Random Numbers (Good)

1 What to expect in this chapter

In this chapter, I will show you how to use random numbers to simulate real experiments. There are many, many examples that I can draw on, but I will keep it ‘simple’ and only talk about Brownian motion and estimating the value of \(\pi\). I will also show you what it means to draw random numbers from a non-uniform distribution.

2 Random numbers from other distributions

So far, we have used random numbers that were uniformly distributed. However, there are many instances where we need numbers from other distributions, such as the Normal distribution. Numpy already has functions in place for this. Let me show you how it works. It is also a quick, neat application.

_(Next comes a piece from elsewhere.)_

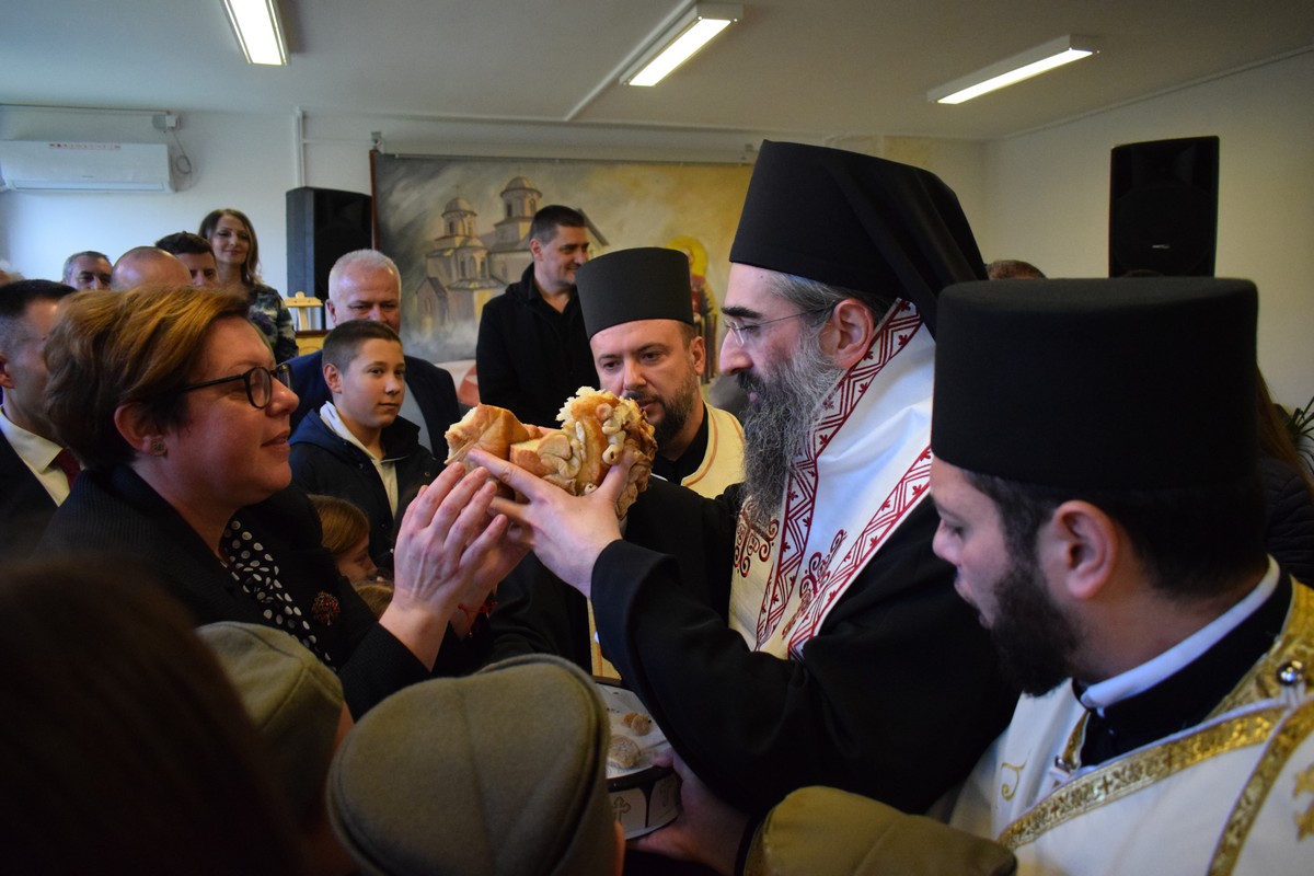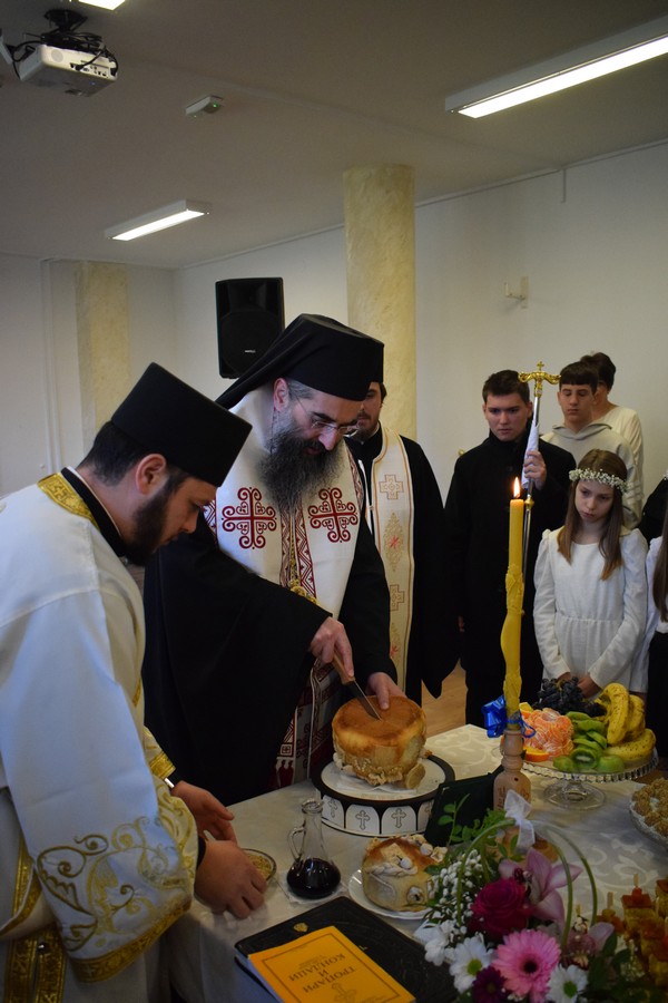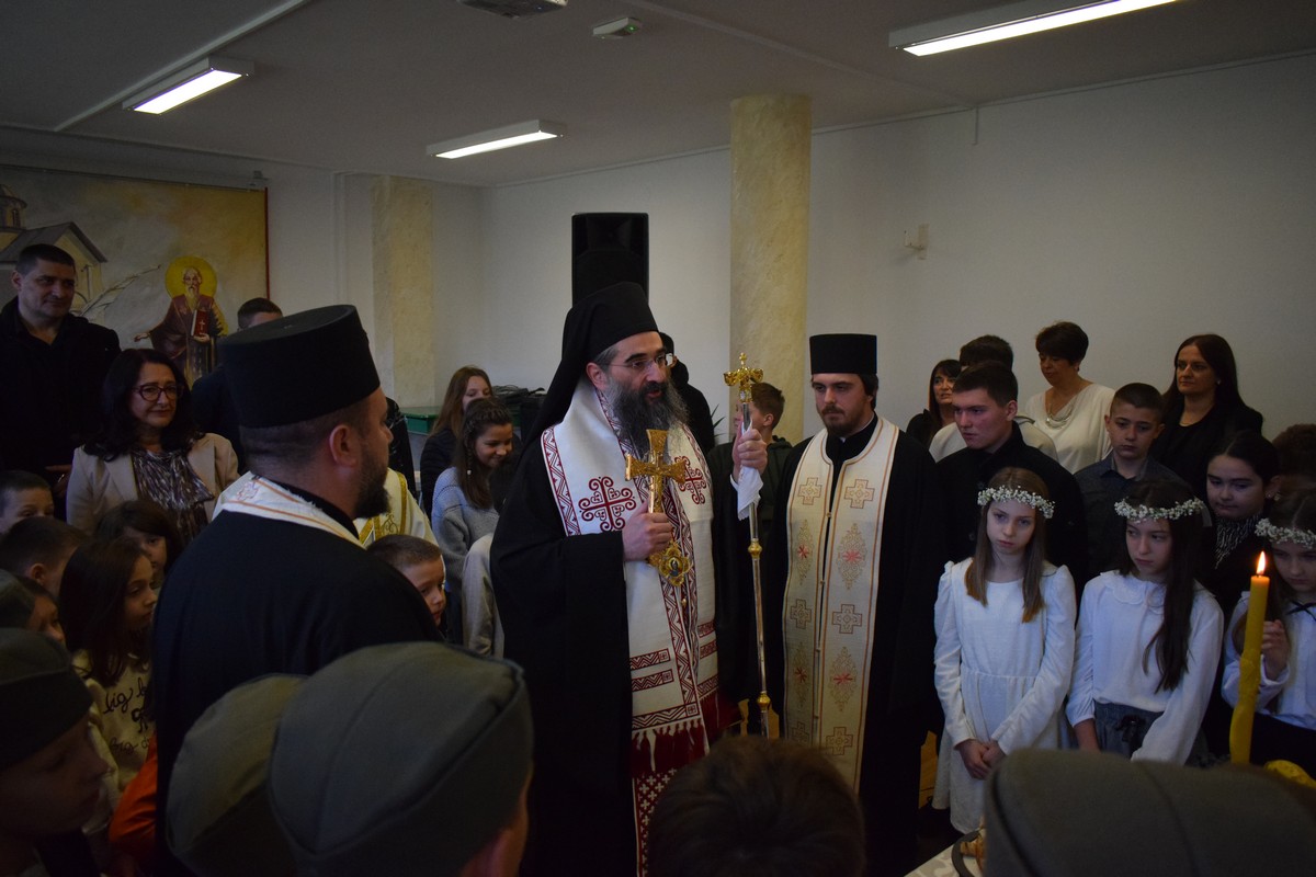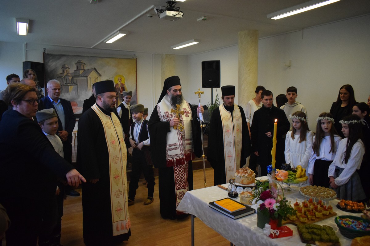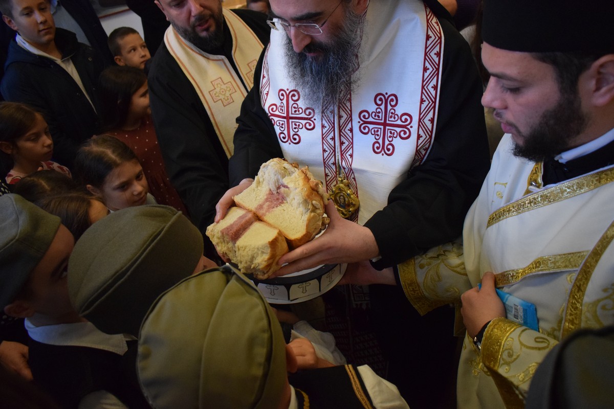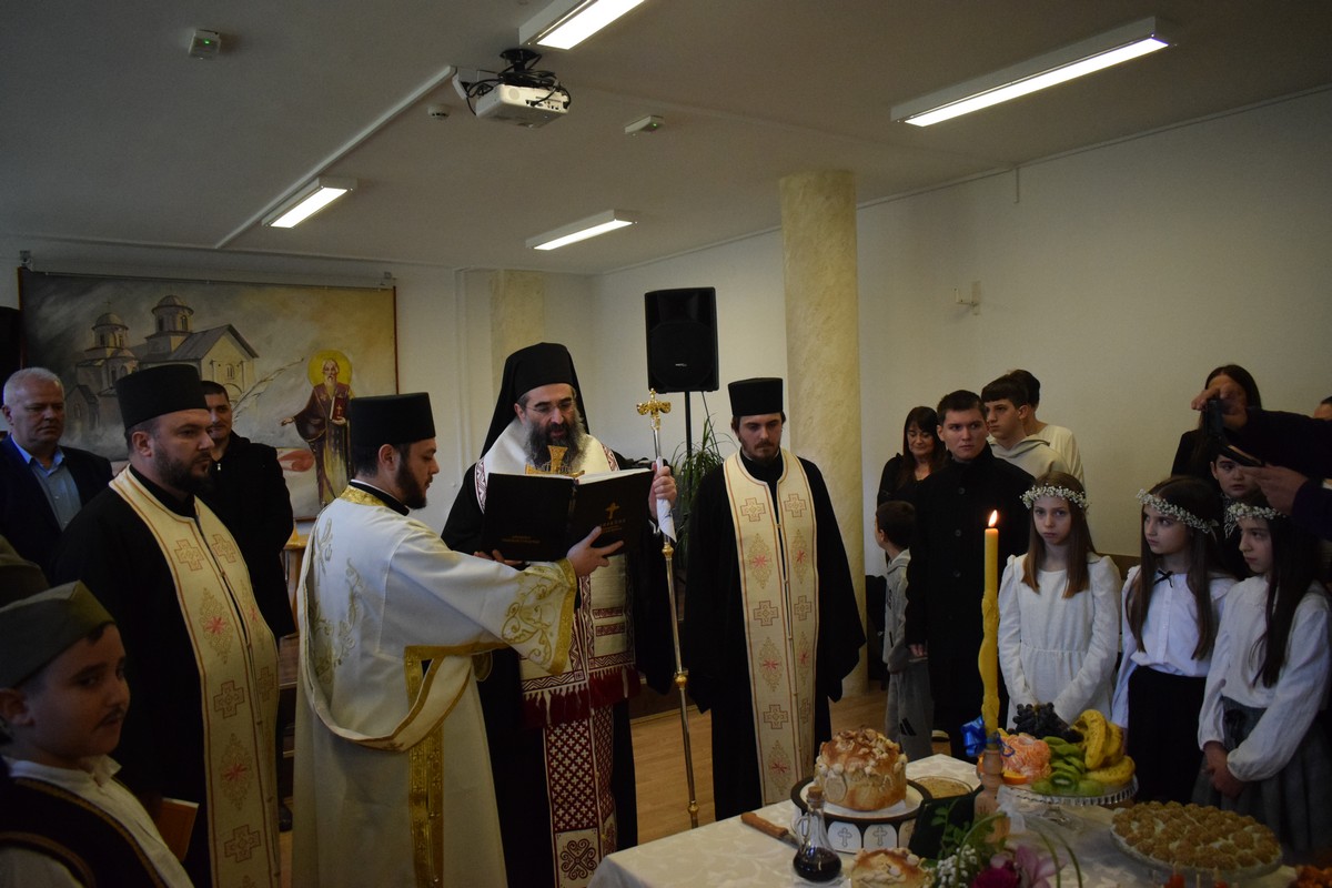 На самом почетку, Високопреосвећени Митрополит је осветио славске дарове и пререзао колач, припремљен у славу и част Светог Алимпија, небеског покровитеља ове образовне установе.

2.1 Random numbers from the Normal distribution

Before we draw random numbers from a Normal distribution (also known as a Gaussian distribution), let’s remind ourselves what the Normal distribution is. With the characteristic shape shown in the plots above (that I borrowed from Wikipedia), the Normal distribution is defined by two parameters. The mean \(\mu\) and the standard deviation \(\sigma\). The mean decides the centre’s location and the standard deviation decides the chubbiness. A feature of the Normal distribution (as indicated in the image above) is that 68% of the points lie between \(\mu\pm\sigma\). The mathematical form of this distribution is:

\[ f(x)=\dfrac{1}{\sigma \sqrt{2\pi}}{\large e}^{-\dfrac{1}{2}\left(\dfrac{x-\mu}{\sigma}\right)^2} \]

The function we need to draw normal random samples is np.random.normal(loc=, scale=, size=). loc is used to specify the mean and scale the standard deviation. For example:

np.random.normal(loc=5, scale=2, size=10)

array([6.23467679, 5.69110152, 6.2548526 , 4.91412283, 5.26087859,
       6.01631475, 3.54998986, 3.3420698 , 7.65130615, 6.00569723])

2.2 Visualising the random numbers

It isn’t easy to see that the above numbers are from a Normal distribution. However, it is easier if we plot the data, as we did before.

n = 1_000_0
random_numbers = np.random.normal(loc=5, scale=2, size=n)

fig, ax = plt.subplots(nrows=1, ncols=2)

axis = ax[0]
axis.hist(random_numbers, bins=100, alpha=.25)
axis.set_xlabel("Value of random number")
axis.set_ylabel("Frequency")

axis = ax[1]
axis.scatter(range(n), random_numbers, alpha=.25)
axis.set_xlabel("Position in the random number list")
axis.set_ylabel("Value of random number")

I hope this visualisation will help you understand what I meant by drawing a number from a Normal distribution.

2.3 68%?

Let’s check if the Normal random numbers given to us satisfy the 68% condition?

n = 10_000
mean, sd = 5, 2
random_numbers = np.random.normal(loc=mean, scale=sd, size=n)

mask = (random_numbers >= mean - sd) & (random_numbers <= mean + sd)

print(f'% of points between 1 std.dev. from the mean: {np.sum(mask)/n*100:.2f}%')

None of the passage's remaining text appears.